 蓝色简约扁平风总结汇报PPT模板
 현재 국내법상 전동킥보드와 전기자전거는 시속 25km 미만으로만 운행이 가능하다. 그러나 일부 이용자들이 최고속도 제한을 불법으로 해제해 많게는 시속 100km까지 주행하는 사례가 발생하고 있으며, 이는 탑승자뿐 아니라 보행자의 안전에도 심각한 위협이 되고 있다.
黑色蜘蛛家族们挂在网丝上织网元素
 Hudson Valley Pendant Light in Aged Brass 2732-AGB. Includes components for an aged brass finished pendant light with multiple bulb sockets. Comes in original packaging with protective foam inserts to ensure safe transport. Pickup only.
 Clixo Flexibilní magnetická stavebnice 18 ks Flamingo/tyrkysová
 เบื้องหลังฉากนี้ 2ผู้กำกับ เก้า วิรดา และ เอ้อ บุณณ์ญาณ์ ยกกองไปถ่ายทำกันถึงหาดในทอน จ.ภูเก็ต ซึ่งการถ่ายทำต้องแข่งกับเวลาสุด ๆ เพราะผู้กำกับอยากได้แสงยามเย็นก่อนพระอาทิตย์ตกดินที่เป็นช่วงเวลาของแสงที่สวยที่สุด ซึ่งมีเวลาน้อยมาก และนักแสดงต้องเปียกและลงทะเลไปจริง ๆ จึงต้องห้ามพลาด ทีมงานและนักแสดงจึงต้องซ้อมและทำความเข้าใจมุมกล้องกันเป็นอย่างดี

* * *

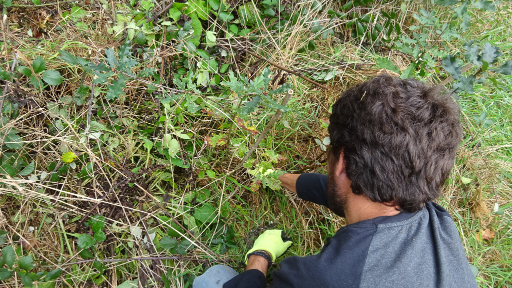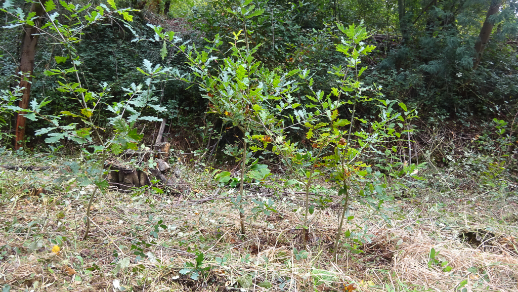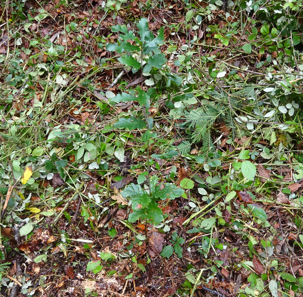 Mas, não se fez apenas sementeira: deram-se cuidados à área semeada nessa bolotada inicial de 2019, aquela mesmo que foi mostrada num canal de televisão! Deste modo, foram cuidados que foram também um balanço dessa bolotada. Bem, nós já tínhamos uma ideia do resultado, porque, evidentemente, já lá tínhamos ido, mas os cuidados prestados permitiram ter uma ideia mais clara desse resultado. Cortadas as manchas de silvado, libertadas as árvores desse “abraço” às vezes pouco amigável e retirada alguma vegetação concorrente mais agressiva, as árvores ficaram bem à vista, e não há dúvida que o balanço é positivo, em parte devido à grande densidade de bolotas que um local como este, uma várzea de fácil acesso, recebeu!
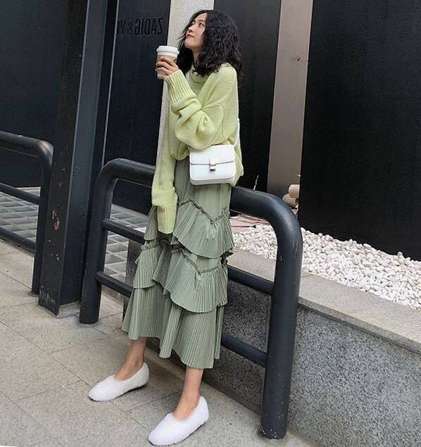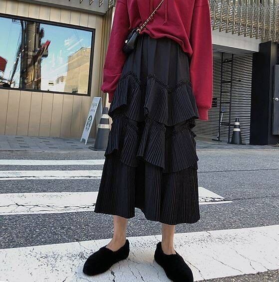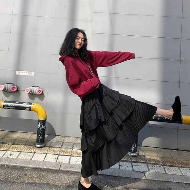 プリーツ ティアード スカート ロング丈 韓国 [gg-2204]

==

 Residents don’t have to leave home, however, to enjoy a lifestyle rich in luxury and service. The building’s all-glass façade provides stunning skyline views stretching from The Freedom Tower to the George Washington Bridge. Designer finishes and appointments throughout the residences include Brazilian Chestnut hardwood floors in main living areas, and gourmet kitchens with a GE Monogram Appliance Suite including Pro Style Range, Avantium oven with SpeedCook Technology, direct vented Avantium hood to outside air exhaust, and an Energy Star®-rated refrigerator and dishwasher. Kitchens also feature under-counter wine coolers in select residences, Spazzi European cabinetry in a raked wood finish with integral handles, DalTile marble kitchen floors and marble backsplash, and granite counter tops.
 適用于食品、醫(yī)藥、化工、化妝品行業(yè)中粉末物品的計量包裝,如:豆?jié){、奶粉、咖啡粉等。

--- The problem ---
Write out every line in the data that holds the string "with".

--- Answer to this exercise ---
 Hudson Valley Pendant Light in Aged Brass 2732-AGB. Includes components for an aged brass finished pendant light with multiple bulb sockets. Comes in original packaging with protective foam inserts to ensure safe transport. Pickup only.
 Residents don’t have to leave home, however, to enjoy a lifestyle rich in luxury and service. The building’s all-glass façade provides stunning skyline views stretching from The Freedom Tower to the George Washington Bridge. Designer finishes and appointments throughout the residences include Brazilian Chestnut hardwood floors in main living areas, and gourmet kitchens with a GE Monogram Appliance Suite including Pro Style Range, Avantium oven with SpeedCook Technology, direct vented Avantium hood to outside air exhaust, and an Energy Star®-rated refrigerator and dishwasher. Kitchens also feature under-counter wine coolers in select residences, Spazzi European cabinetry in a raked wood finish with integral handles, DalTile marble kitchen floors and marble backsplash, and granite counter tops.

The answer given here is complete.